The claimant introduced evidence showing that the deceased employee's death resulted after and as a result of his ascending the flight of stairs preparatory to entering upon the duties of his employment. The evidence authorized a finding that it was necessary for him to be where he was on the premises of the employer at the time of this attack in order to begin work when the assembly line was put in motion. Employers Insurance Co. of Alabama v. Bass, supra. The fact that he had a pre-existing heart condition does not preclude recovery. Lumbermen's Mutual Casualty Co. v. Griggs, 190 Ga. 277 ( 9 S.E.2d 84). The fact that he had had an attack, which indicated that the coronary thrombosis was in existence at 3 o'clock on the morning before he went to work on February 18 does not preclude recovery, in that the testimony of Dr. L. Minor Blackford is sufficient to show that the climbing of the steps on the premises of the employer immediately precipitated the attack. Dr. Blackford testified: "Now, as I understand your question this man had not had any — only acute symptoms until he climbed these twenty steps. Now he climbed the twenty steps and he had severe pain and after that he got worse and worse and died a few days later. I don't think there is any question that the climbing of the steps produced the pain that came on while he was climbing those steps. Now, I have been in so many arguments, I still show regard for my fellow man, when a man falls dead when he is engaged in exertion that the precipitation — immediate precipitating cause is that. Now, I am not sure whether pain that came on when he was climbing the steps, pain which was continuous resulted in his death three or four days later. I am in some doubt about that. I think that the climbing of the steps brought on the pain. Q. Well, do you think the climbing of the steps would aggravate a diseased heart condition; is that good for a diseased heart condition? A. No, I don't think it is; . . . I think when he started climbing those steps he should have stopped as soon as the pain came on. Q. My question to you was, would climbing twenty-odd steps have any bearing on a man with a diseased heart or could that exertion bring on the attack that this man died from? A. Now, that exertion certainly could bring it on and was immediately responsible for the pain that came on, and while he was walking up those steps, and I would be inclined to think the precipitating factor — it was the precipitating factor."

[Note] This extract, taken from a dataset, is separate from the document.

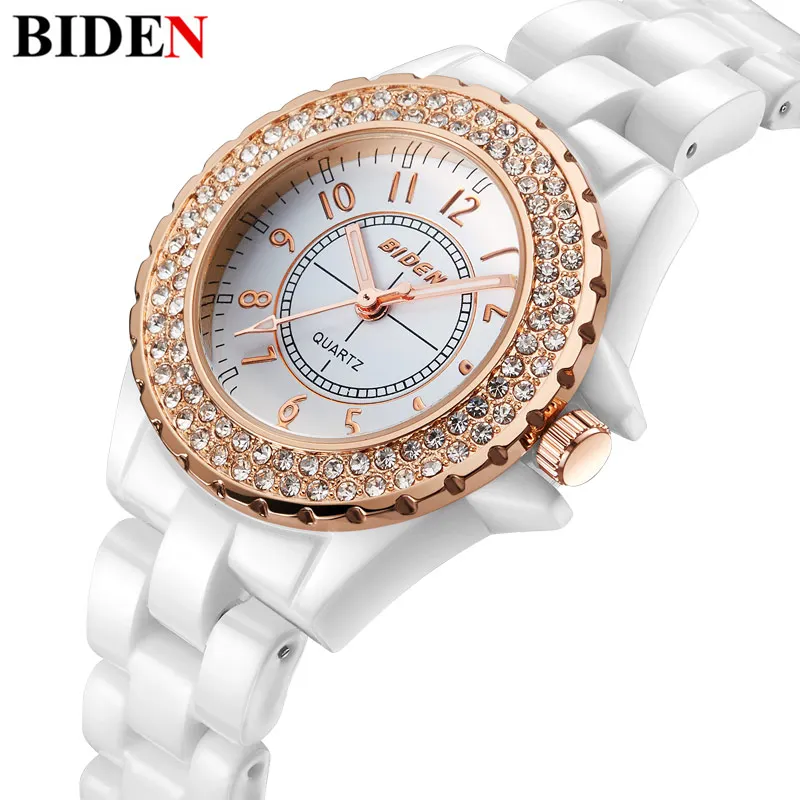 Kopen Goedkoop 2017 BIDEN Horloges Vrouwen Luxe Merk Casual Dames Crystal Quartz Horloge Voor Vrouwen Waterdichte True Keramische Horloges Relogio Online

Since this testimony is sufficient to show that the climbing of the stairs was the immediate precipitating cause, it matters not what combined with it to produce the attack. Maryland Casualty Co. v. Dixon, 83 Ga. App. 172 ( 63 S.E.2d 272). Accordingly, a contrary finding should not be predicated upon the testimony of two witnesses who had conversations with the employee between the time of this attack and his death, the substance of which was that he had awakened about 3 o'clock on the morning of the day on which the attack occurred with severe chest pain, shortness of breath, radiating pain in the arms and slow pulse, but that, according to one of them, he said it was intermittent, and according to the other he said it "eased off", and in any event the employee's condition improved to the extent that before going to work he got up, prepared his own breakfast, made no mention of feeling ill to any members of his family, and went on at the usual time. A finding is authorized that the employee, if he had a heart attack at 3, recovered from this attack sufficiently to go on about his daily duties, and that while climbing the steps he suffered another fatal attack.
Judgment affirmed. Felton, C. J., Gardner, P. J., Townsend, Carlisle, Nichols, JJ., concur.